Statistical analysis of gene expression profiles

Function divergence after gene duplication has been considered to be an important mechanism for the evolution of new functions. Although gene expression profiles have been treated as an important indicator of gene function, large scale gene expression analysis has mostly focused on current relationships among genes, instead of their evolutionary relationships. By putting expression analysis into the framework of evolution, we make inferences about expression divergence after gene duplication. Based on the Brownian-based model (Gu 2004), the posterior distribution of the ancestral expression profiles are shown to follow a multivariate-normal distribution. This approach provides not only the estimates of the ancestral expression profiles, but also provides a measure of the precision of the estimation/predict!on, thereby, filtering significant information from the background noise of the data. Introduction Ancestral state reconstruction within an evolutionary tree is at the center of comparative studies in evolutionary biology.
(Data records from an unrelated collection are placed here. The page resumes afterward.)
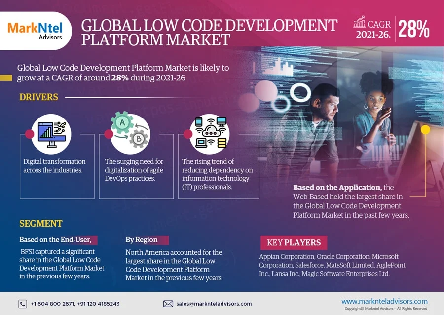 The Global Low Code Development Platform Market size is projected to grow at a CAGR of around 28% during the forecast period, i.e., 2021-26. According to MarkNtel Advisors Study.
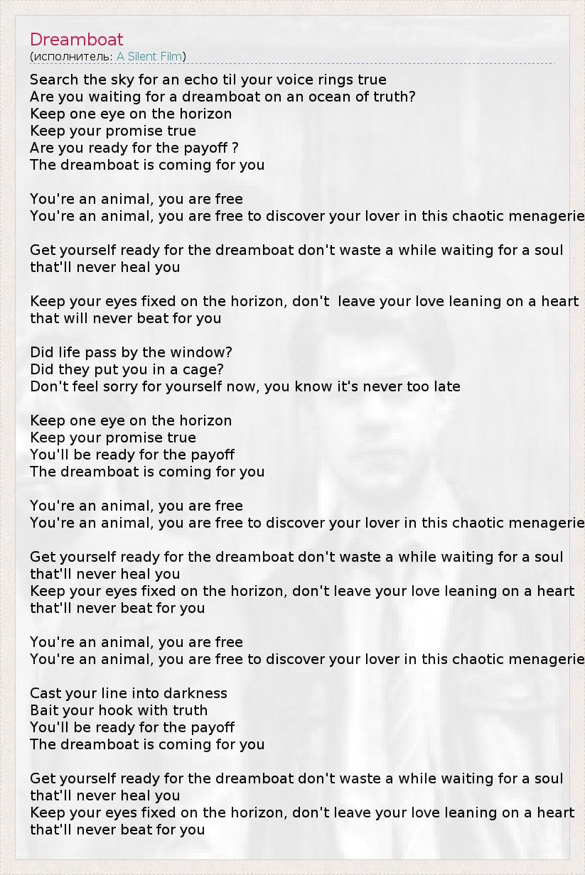 Search the sky for an echo til your voice rings true Are you waiting for a dreamboat on an ocean of truth? Keep one eye on the horizon Keep your promise true Are you ready for the payoff ? The dreamboat is coming for you You're an animal, you are free You're an animal, you are free to discover your lover in this chaotic menagerie Get yourself ready for the dreamboat don't waste a while waiting for a soul that'll never heal you Keep your eyes fixed on the horizon, don't leave your love leaning on a heart that will never beat for you Did life pass by the window? Did they put you in a cage? Don't feel sorry for yourself now, you know it's never too late Keep one eye on the horizon Keep your promise true You'll be ready for the payoff The dreamboat is coming for you You're an animal, you are free You're an animal, you are free to discover your lover in this chaotic menagerie Get yourself ready for the dreamboat don't waste a while waiting for a soul that'll never heal you Keep your eyes fixed on the horizon, don't leave your love leaning on a heart that'll never beat for you You're an animal, you are free You're an animal, you are free to discover your lover in this chaotic menagerie Cast your line into darkness Bait your hook with truth You'll be ready for the payoff The dreamboat is coming for you Get yourself ready for the dreamboat don't waste a while waiting for a soul that'll never heal you Keep your eyes fixed on the horizon, don't leave your love leaning on a heart that'll never beat for you
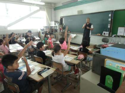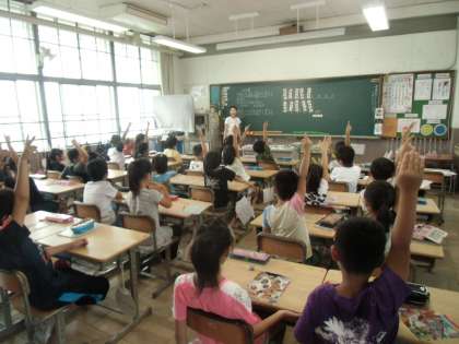 学校協議員の方といっしょに教室を回っていると、すごく多くの人が手を挙げていたので、思わず撮影しました。すばらしい。
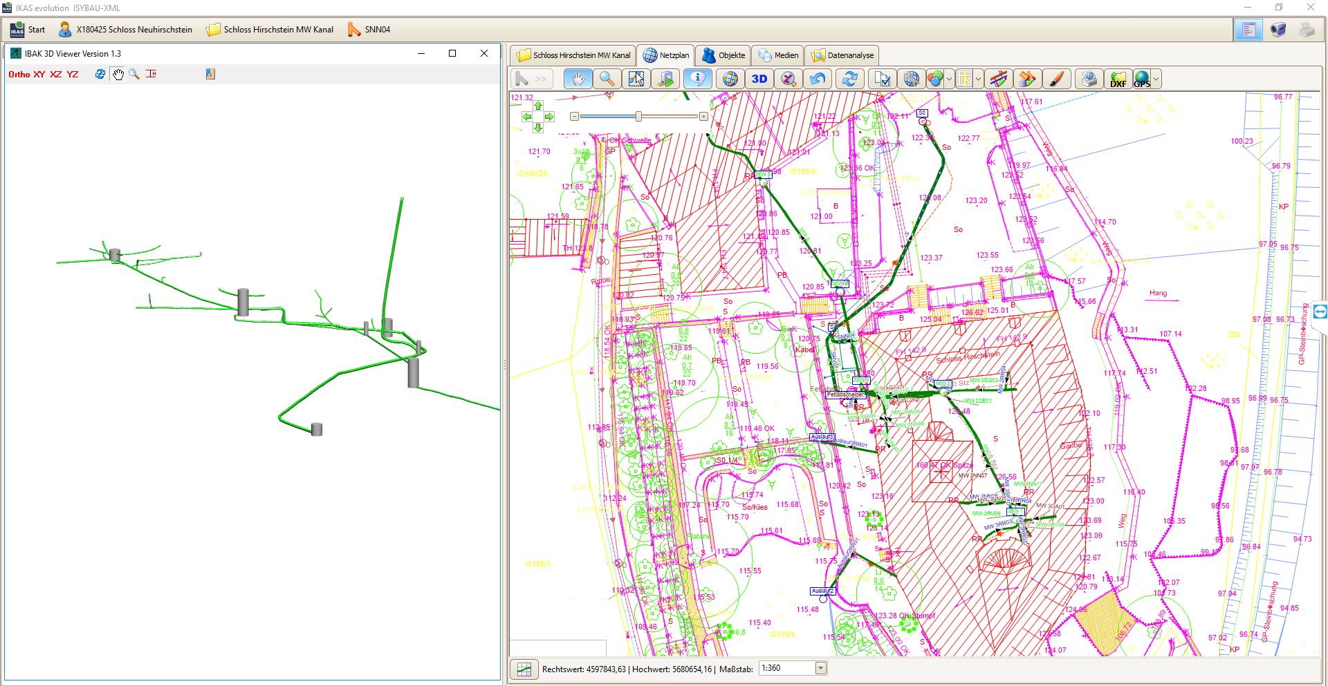 Während der laufenden Inspektion und automatischen Vermessung ist die Kameraposition der ORION 2.8 L jederzeit der sich aufbauenden Netzgrafik auf dem Display der MiniLite zu entnehmen. Die 3D-GeoSense-Rohrverlaufsmessung misst die x,y,z-Koordinaten der Leitungen, sodass bauliche Spezifikationen wie z.B. gezogene Rohrmuffen oder gebogene Rohre realitätsgetreu registriert werden. Glöckler und Briese dokumentieren bei der Inspektion eine Vielzahl von verschobenen Rohrverbindungen und Undichtigkeiten im Rohrverlauf. Im Vorhof rechts vor dem Schloss stellen die erfahrenden Inspekteure an den Rohrverbindungen der Steinzeugrohre Wurzeleinwüchse und einen Rohreinbruch fest, der zu Unterspülungen und damit zum Absacken des Erdreichs führen kann. Über die unterirdischen Ursachen für die Feuchtigkeit im Fundament hinaus, weisen die umsichtigen Mitarbeiter der Komplex Umweltservice GmbH auf undichte Regenrinnen hin. Die umfassenden Daten aus der geodätisch exakten Lagevermessung der abwassertechnischen Anlagen übergeben sie dem von der Gemeinde beauftragten Ingenieurbüro. Sie dienen als Grundlage für die Kalkulation notwendiger Investitionen und die Planung der baulichen Umsetzung unter optimalen Mitteleinsatz.
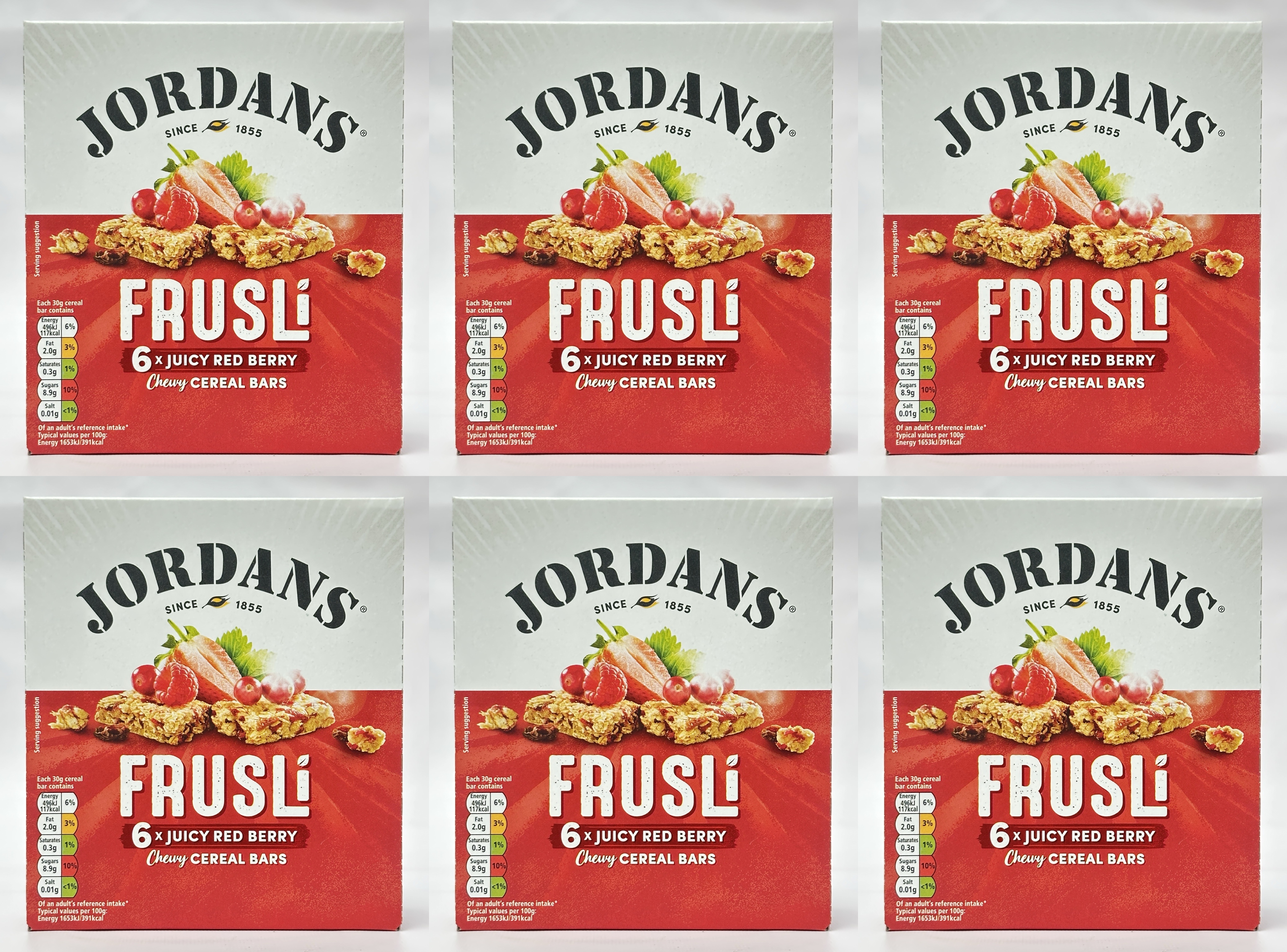 Jordans Frusli Juicy Red Berry Cereal Bars | Wholegrain Oat Snack Bars | 6 Packs (36 Bars Total)
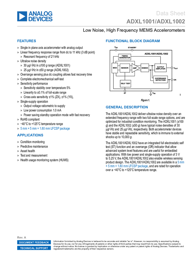 ADXL1002 Low Noise, High Frequency +/-50g MEMS Accelerometer
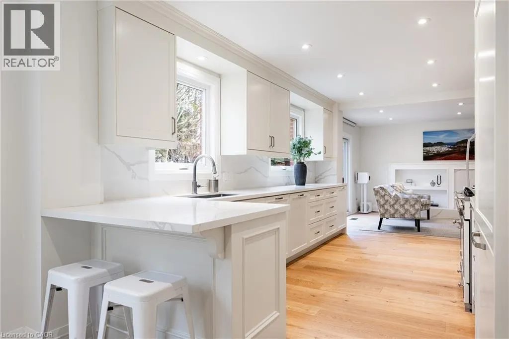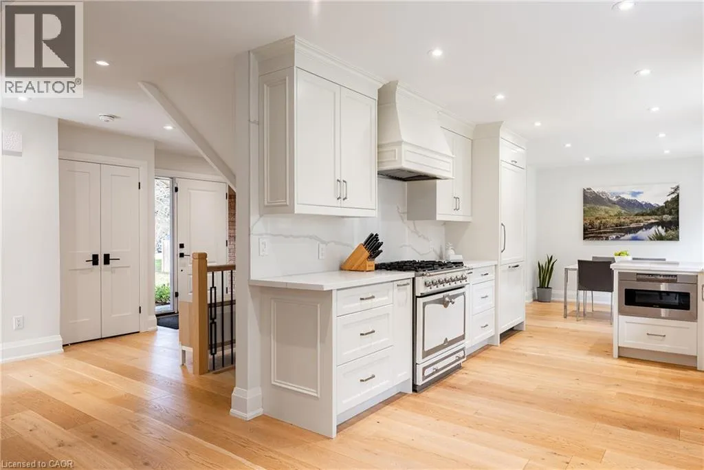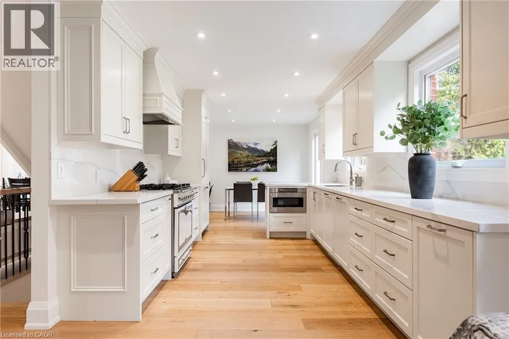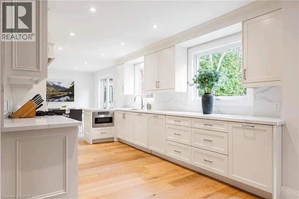 MORRISON RD TO COLEEN DRIVE OR LINBROOK TO CHAMBERLAIN & EAST ON CYNTHIA Completely redesigned from top to bottom in 2019, this stunning family home in the Morrison neighbourhood offers over 3,100 sq ft of refined living space on a premium 181' deep lot. The main level impresses with wide plank oak hardwood floors, decorative wrought iron railings, and new lighting and trim work throughout. The custom kitchen features Calcutta gold quartz countertops, a La Cornue dual fuel range, integrated Fisher & Paykel and Bosch appliances, breakfast counter and a servery with walk-in pantry and beverage fridge. The formal dining room showcases custom wall panelling, while the family room centres around a custom fireplace mantel with direct access to the rear yard. Upstairs, four generous bedrooms include a primary retreat with a walk-in closet and spa-inspired 4-piece ensuite featuring Statuario porcelain tile and a seamless glass shower. Three additional bedrooms share a beautifully appointed 5-piece bath with Carrara marble finishes and a deep soaker tub. The fully finished lower level adds a spacious rec room, a bonus office or gym, a 5th bedroom, and a stylish 3-piece bath with seamless glass shower; perfect for a growing family. Outside, enjoy a professionally landscaped yard with irrigation and interlock patio. Major 2019 updates include privacy fence, asphalt driveway, windows, doors, garage door, eaves/soffits, and downspouts, along with a new furnace in 2025, security window film 2025. Minutes to Oakville Trafalgar High School, top-rated private schools, Oakville GO, and vibrant downtown Oakville. (id:27476)
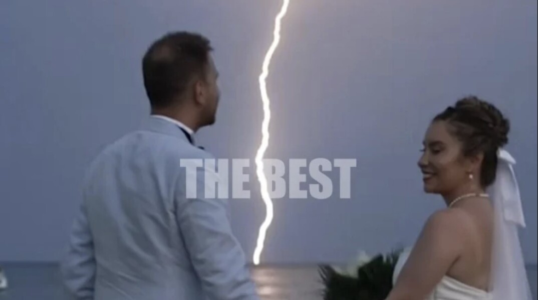 Εντυπωσιακό βίντεο με νεόνυμφο ζευγάρι που φιλιέται και πίσω του πέφτει κεραυνός
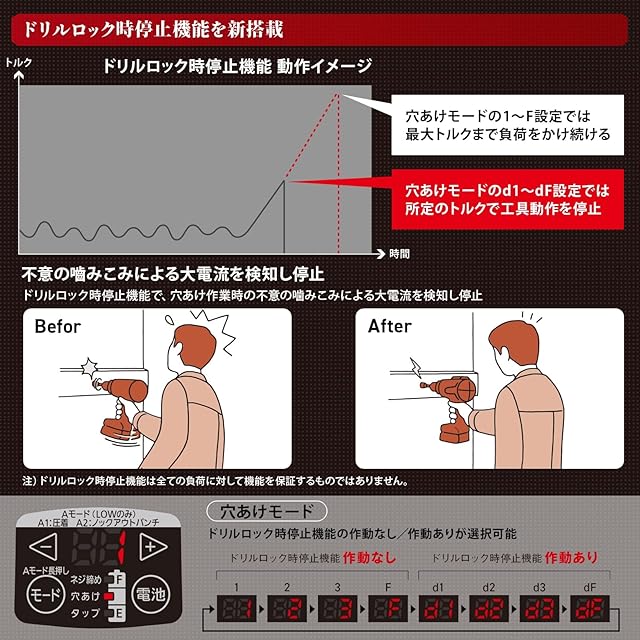 【ドリルロック時停止機能を新搭載】穴あけ作業時の不意の噛みこみによる大電流を検知し停止。穴あけモードでサポート。
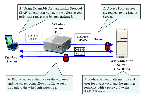 Как видно из рисунка, для коммуникации между клиентом (supplicant) и точкой доступа (authenticator) используются пакеты EAPOL. Протокол RADIUS используется для обмена информацией между аутентификатором (точкой доступа) и RADIUS-сервером (сервером аутентификации). При транзитной пересылке информации между клиентом и сервером аутентификации пакеты EAP переупаковываются из одного формата в другой на аутентификаторе.
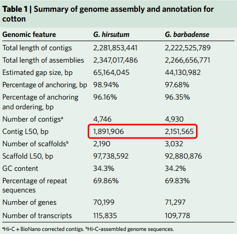 1、陸地棉和海島棉基因組組裝:
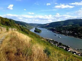 Keywords: river rhein panorama landscape sky blue clouds hills mountains view riverside settlements houses germany

At the morphological level, comparative analysis looking for evidence of correlated change in two characters may need the help of inferred ancestral states (Harvey and Pagel, 1991). At the molecular level, the properties of ancient molecules (Malcolm et al., 1990; Stackhouse et al., 1990; Adey et al., 1994; Jermann et al., 1995) can be examined through the inferred ancestral amino acid sequences, which can be further tested in vivo or in vitro. Massive microarray expression profiles make it possible to reconstruct the ancestral expression pattern. In the course of such endeavor, appropriate methodology for ancestral state inference is essential.